Preserving the classic gaming options…

It should be no secret that I love classic arcades. Not only does it bring back a nostalgia factor for me, I genuinely enjoy spending the time to play the games.

Admittedly, my favorite classic arcade isn’t even in Houston. That honor has to go to Pinballz Arcade in Austin. Consisting of two floors of both classic and modern arcade and pinball machines, it’s easy to spend several hours in there just going from game to game, having a blast. In fact, the last time I was there, I ended up spending most of my time playing Super Street Fighter IV Arcade Edition and Street Fighter X Tekken against Jenn Dolari. Of course, I don’t go there as often as I’d like for the simple already-stated reason: it’s not in Houston. As I go to Austin once every year or so, that’s about all I get to do there.

There are options in Houston, however. The most popular one is a place downtown called Joystix. Most of the time, it’s a distributor of video and pinball arcade machines, from as old as Pong to as new as Terminator Salvation. Twice a month (on the first and last Friday), they open their showroom from 9 PM to 2 AM for a $15 cover fee, and every single game is available to play. In addition, drinks are available at the lounge connected to Joystix through a door.

Unfortunately, though I’ve been to Joystix several times, I don’t really enjoy going there anymore. There are two major problems I have there. The first problem is that even though the place sells the machines that are on the showroom floor, they’re not always of good quality. I’ve come across machines with unresponsive controls, damaged screens, or were plain not operational. The second problem is just how popular the place is. Within a half-hour or so of the showroom’s opening, there are so many people that you’re almost shoulder-to-shoulder at the machines and people are pushing against you to walk down the aisles. It gets even worse in the lounge, where it becomes a solid mass of people. Jennifer ends up not enjoying it because she feels crammed in when sitting in a corner reading her book or checking her phone, and it gets so loud and so crowded I come close to a meltdown.

Photo Mar 23, 7 19 46 PMSeveral months ago, my friend Josh told me of another arcade that had opened around 59 North and Beltway 8 called the Game Preserve. I ended up going there with Jennifer, and ended up having a good time. It has fewer machines than Joystix does, but they tend to be in a better state of repair. When a machine DOES malfunction, it’s generally repaired quickly. Since my last visit there, they moved to a newer facility where instead of being in a converted small warehouse space, they’re in a pure office space with working air conditioning throughout the facility.

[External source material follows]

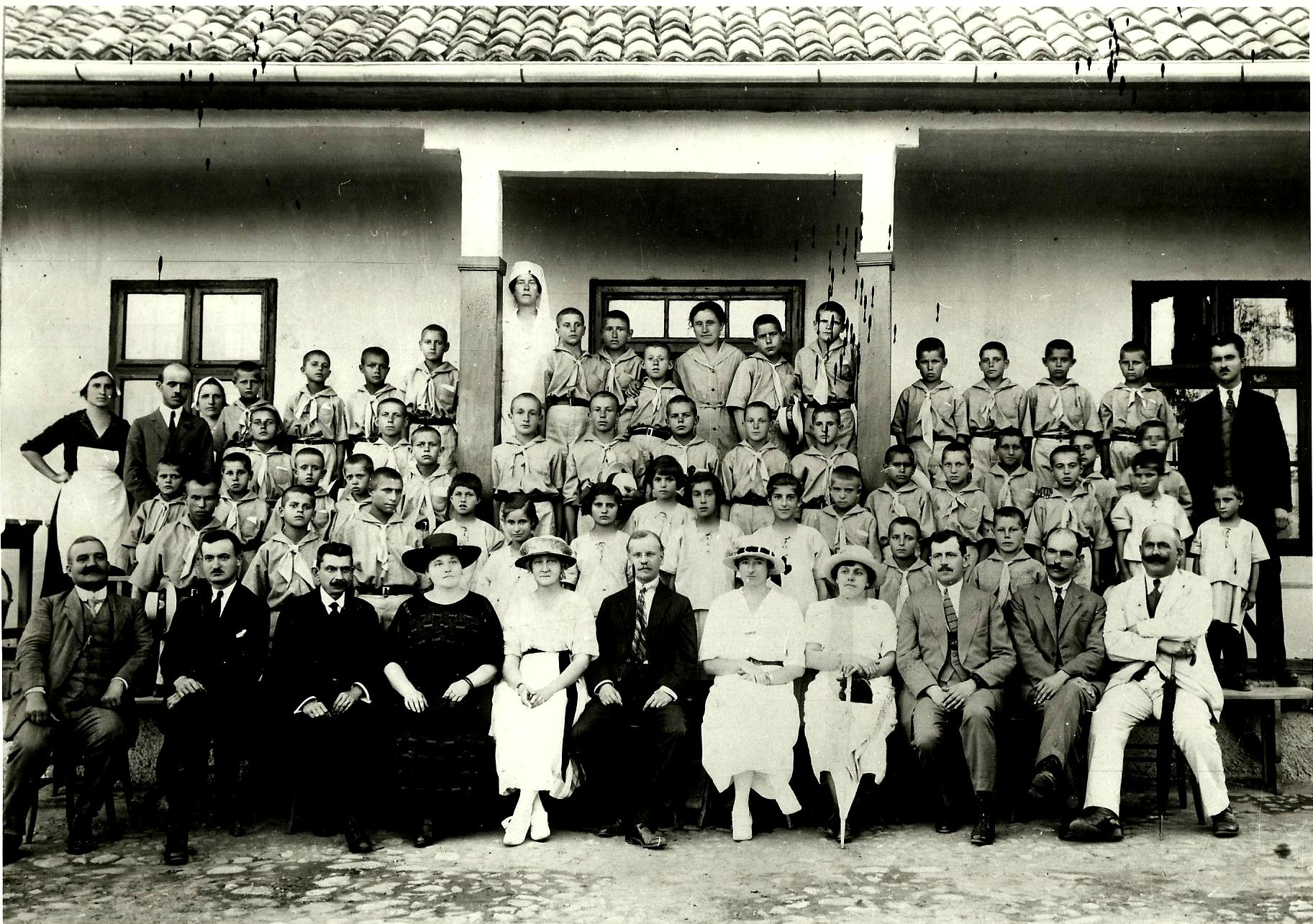 Poseta Dzona Frotingama Аmerikanskom vaspitnom domu u Vranju 1921.

The only two problems I can think of with the Game Preserve are that it’s pretty far from my house and that they don’t tend to have newer machines. The only really new machine they have from the past five to ten years is a single Tron: Legacy pinball machine set to one side, though that’s understandable considering the place is owned by a collective of collectors. That’s not to say they don’t get additional games every so often; they recently added the pinball machines Bram Stoker’s Dracula (one of my favorites) and Twilight Zone to the game floor. As for the distance, it’s around 45 miles from my house, which means I really am only able to go when I’m on that side of town, which is not very often anymore.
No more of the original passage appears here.